Stefano Zacchiroli <zack@debian.org> writes:
> On Sun, Apr 29, 2012 at 07:18:54PM +0200, Marco d'Itri wrote:

>> Unrelated: you have just shown what poisons Debian and has been keeping
>> us behind innovation for the last years.  Not the flamewars themselves,
>> most of us are grown ups and can handle them, but the fear that
>> proposing a change will cause endless discussions and no results.

> Still unrelated, but let me AOL the above. Russ was just joking, but I
> completely agree with Marco's point here. We're often scared of
> "starting a thread on -devel" to propose changes that are far reaching
> enough not to be directly implementable. Every now and then I got asked
> advice on whether proposing some change on -devel is a good idea or not.
> I'm always happy to give advice, but the fact we sometime worry to
> propose changes is worrisome in itself. And it can induce project-wide
> inertia as much as worrying too much about performing NMUs to fix bugs.

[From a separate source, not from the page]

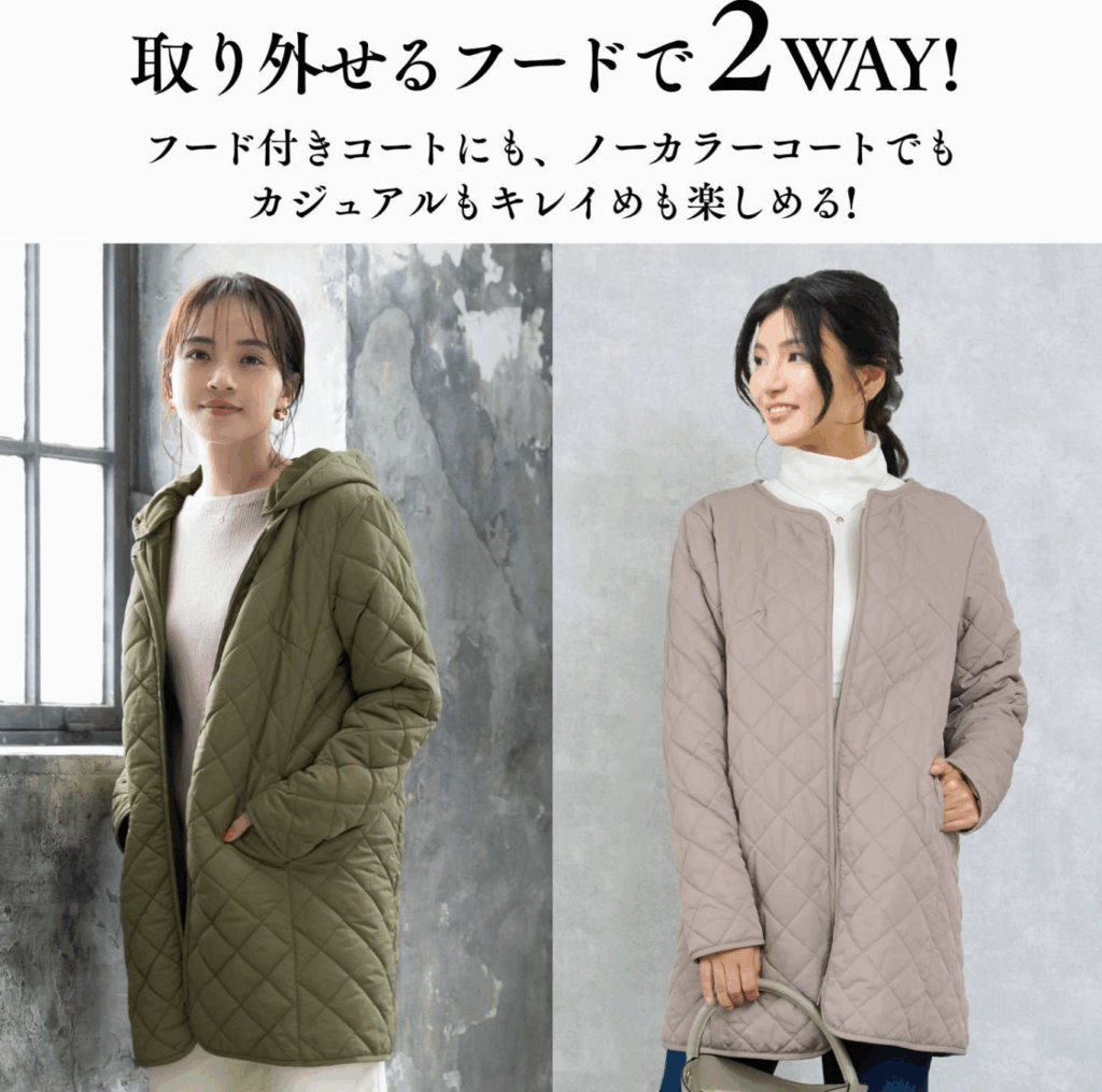 おんぶの時にも使える3WAYママコート。フードを外してノーカラーコートとして着ればキレイめカジュアルの完成。背中側にもダッカーを装着できるので抱っこだけでなくおんぶにも使えます。雰囲気を変えて着られて、2人目の時のおんぶでも重宝する多機能ママコートです。

Yes, I was just joking and I'm inclined to agree.  (Although with respect
to Marco's specific proposal, there *is* a cost to debate and a request
for everyone's attention, and unless the gains are particularly clear, I'm
not sure it's worth incurring that cost.)

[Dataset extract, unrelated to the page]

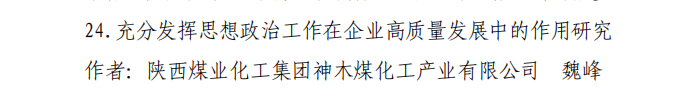 近日,陜煤集團(tuán)下發(fā)了《關(guān)于表彰2023年政研工作與黨建研究優(yōu)秀成果和優(yōu)秀組織單位的通知》,公布了2023年政研工作與黨建研究優(yōu)秀成果及優(yōu)秀組織單位名單,神木煤化工公司榮獲三個(gè)三等獎(jiǎng)和五個(gè)優(yōu)秀獎(jiǎng)。

> But we also need to convince ourselves that -devel discussions are
> useful and lead to progress. For that to happen, we need more people
> that look back at past discussions, summarize their conclusions (if
> there have been) or relaunch them (if not), and take concrete actions as
> the natural next step of discussing. There are people doing that, but
> not nearly enough.

Given recent experiences, I'm also coming around to Ian's position that
aggressive and confrontational contributions from people who don't
otherwise seem to be contributing to Debian are part of the problem and
are not useful, and possibly should be banned.  I think that's been a
significant factor in the deterioration of the init system threads.

I want our technical discussions to be welcoming to anyone who has
information to share and who can bring additional clarity and insight to
the discussion.  But once things start getting heated or people start
throwing around accusations or verge towards personal attacks, there's a
real psychological difference between people who are contributing to
Debian and people who aren't.

If I'm being attacked by a colleague, it's a lot easier for me to go
"well, that made me mad, but they've done a great job of maintaining this
package I use and I've seen them do lots of other work for Debian, so they
must just be having a bad day" and let it go.  There's some built-up good
will because they're part of the community.

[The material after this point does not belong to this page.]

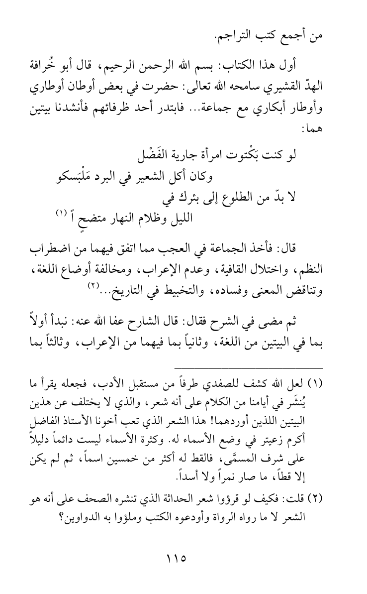 (¬1) لعل الله كشف للصفدي طرفاً من مستقبل الأدب، فجعله يقرأ ما يُنشَر في أيامنا من الكلام على أنه شعر، والذي لا يختلف عن هذين البيتين اللذين أوردهما! هذا الشعر الذي تعب أخونا الأستاذ الفاضل أكرم زعيتر في وضع الأسماء له. وكثرة الأسماء ليست دائماً دليلاً على شرف المسمَّى، فالقط له أكثر من خمسين اسماً، ثم لم يكن إلا قطاً، ما صار نمراً ولا أسداً.

When that sort of attack comes from someone who I've never heard of
before, and when I then go to the PTS and db.debian.org and find no track
record of that person ever contributing to Debian other than via mailing
list discussions, it's a lot harder to give them that benefit of the
doubt.  And it gets really frustrating to have to keep discussing and
defending decisions with people who don't appear to be doing anything for
Debian other than feeding discussions that are a net drain of energy.

I'm leery of this whole line of argument, since it's inherently a double
standard.  That's why I've not raised it before.  But, well, humans are
social animals and social dynamics involve some degree of double standard,
and it would be nice if people who were effectively guests in our
technical discussions would behave like house guests rather than diving in
with the degree of robust engagement that (while never exactly ideal) our
long-time contributors have to some degree made up for in advance.